Twenty minutes later the same group is still dancing. I am uneasy now; this is simply not her pattern. I walk over and touch her arm and turn her to dance with me. Instantly the man grabs her arm and pulls her back, right out of my hands. I take her arm again, give him a look that would freeze blood, and yell, “I am her mother” over the blaring rock music. He backs off. My daughter and I and her best friend go off to dance together.
After that I keep an eye on her—and him. He ignores his own daughter, but when he thinks I am not looking, he finds mine and her best friend in a long line of kids waiting to go under a limbo pole. He looks around, then picks both of them up and throws them into the air, all the time smiling and laughing and focusing on them intently. I step up, and he slips off.
A few days later I call my daughter’s teacher. I was uncomfortable, I tell her. No other father in the room was hanging around other people’s children in that way. It was inappropriate, and if that man comes to school, I don’t want him alone with my daughter. “Funny you should say that,” she says. “He showed up for a field trip the other day. He spent so much time with another child that I thought he was that child’s parent and sent a note home to the wrong family.”

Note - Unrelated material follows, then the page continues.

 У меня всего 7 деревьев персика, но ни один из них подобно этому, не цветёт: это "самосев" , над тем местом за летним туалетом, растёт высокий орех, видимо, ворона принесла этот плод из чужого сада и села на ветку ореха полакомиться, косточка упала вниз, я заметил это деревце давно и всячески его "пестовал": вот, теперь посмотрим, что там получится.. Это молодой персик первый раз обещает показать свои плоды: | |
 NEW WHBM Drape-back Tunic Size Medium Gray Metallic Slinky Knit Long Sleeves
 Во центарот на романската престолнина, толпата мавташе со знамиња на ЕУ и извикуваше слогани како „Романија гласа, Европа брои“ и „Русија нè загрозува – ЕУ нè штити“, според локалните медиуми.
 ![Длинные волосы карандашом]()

I go home and tell my nanny. Someone’s going to call, and it won’t be him. Likely it will be the child, perhaps the mom. They’re going to invite my daughter over to play. Just be ready because she isn’t going.

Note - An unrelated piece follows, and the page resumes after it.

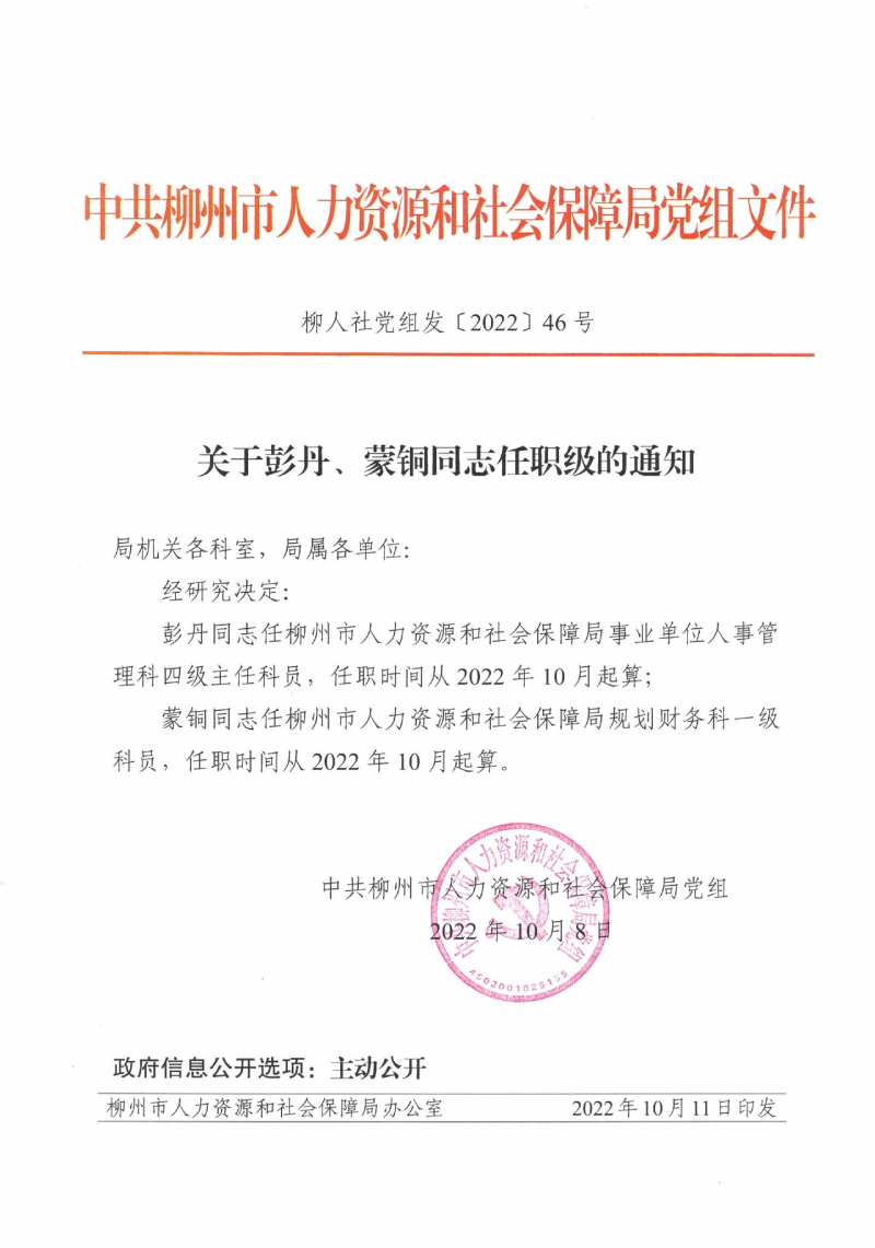 柳人社党组发〔2022〕46号 关于彭丹、蒙铜同志任职级的通知

“What do I say?” my nanny asks, panicked. “I don’t know what to say.”
I stare at her incredulously. “Tell them she’s sick,” I say evenly. “Tell them she was abducted by aliens. Tell them she’s pulling the wings off flies or doing quadratic equations. I don’t care what you tell them. But she is never going.”
Within a week, the call comes.
I tell the parents of my daughter’s best friend because she was targeted too. Their daughter doesn’t go either—for a while. But time and social norms wear her parents down. “What could we say?” they ask me. “It was during the day. He wasn’t home. I don’t think he’d do anything during the day with the sitter there, do you?”

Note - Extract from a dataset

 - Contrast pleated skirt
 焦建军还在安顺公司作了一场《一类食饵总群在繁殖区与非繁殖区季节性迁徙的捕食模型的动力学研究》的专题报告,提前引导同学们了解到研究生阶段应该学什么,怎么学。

Maybe he won’t, I think. Maybe he isn’t even a child molester. Maybe I am wrong about this. But if he is, he will not hesitate to come home early from work, dismiss the sitter, and take a little girl’s trusting face in his hands and tell her he will teach her a new game.
I don’t know what to say to these parents. In their heart of hearts they believe what they want to believe. He is middle-class, wears a suit, goes to work every day, pays his bills, takes his family on vacation, and seems like a nice person. He is a “nice” man in their world, and niceness, they believe—they want badly to believe—is a character trait, not a decision. They are afraid of strangers. I am afraid of him. (pp. 79–80)
Should You Read Predators?
Be aware that the descriptions of sexual abuse in the book may (or perhaps should) evoke strong emotional or physiological responses. At times, the true evil exposed can be heart-wrenching or physically sickening. (I would caution those who have experienced severe sexual abuse.) It is, however, my strong recommendation that Predators be read by every parent, minister, grandparent, educator, church worker, social worker, criminal justice worker, police officer, or doctor.
Parents especially need to understand the scope of the problem, and be well informed about what risks they can easily avoid and what they should watch for in protecting their children. There is a misappropriation of effort in educating children to be aware of “stranger danger” (which is important, nevertheless), and the situational awareness parents must have to adequately perform their job of protecting their children.
For Further Reading
Although much more clinical, I have also found Dr. Salter’s Transforming Trauma: A Guide to Understanding and Treating Adult Survivors of Child Sexual Abuse to be especially helpful in understanding the long-term affects of childhood sexual abuse.
When I finish a few more books, I’ll BLOG them as a resource guide, or add them to this entry.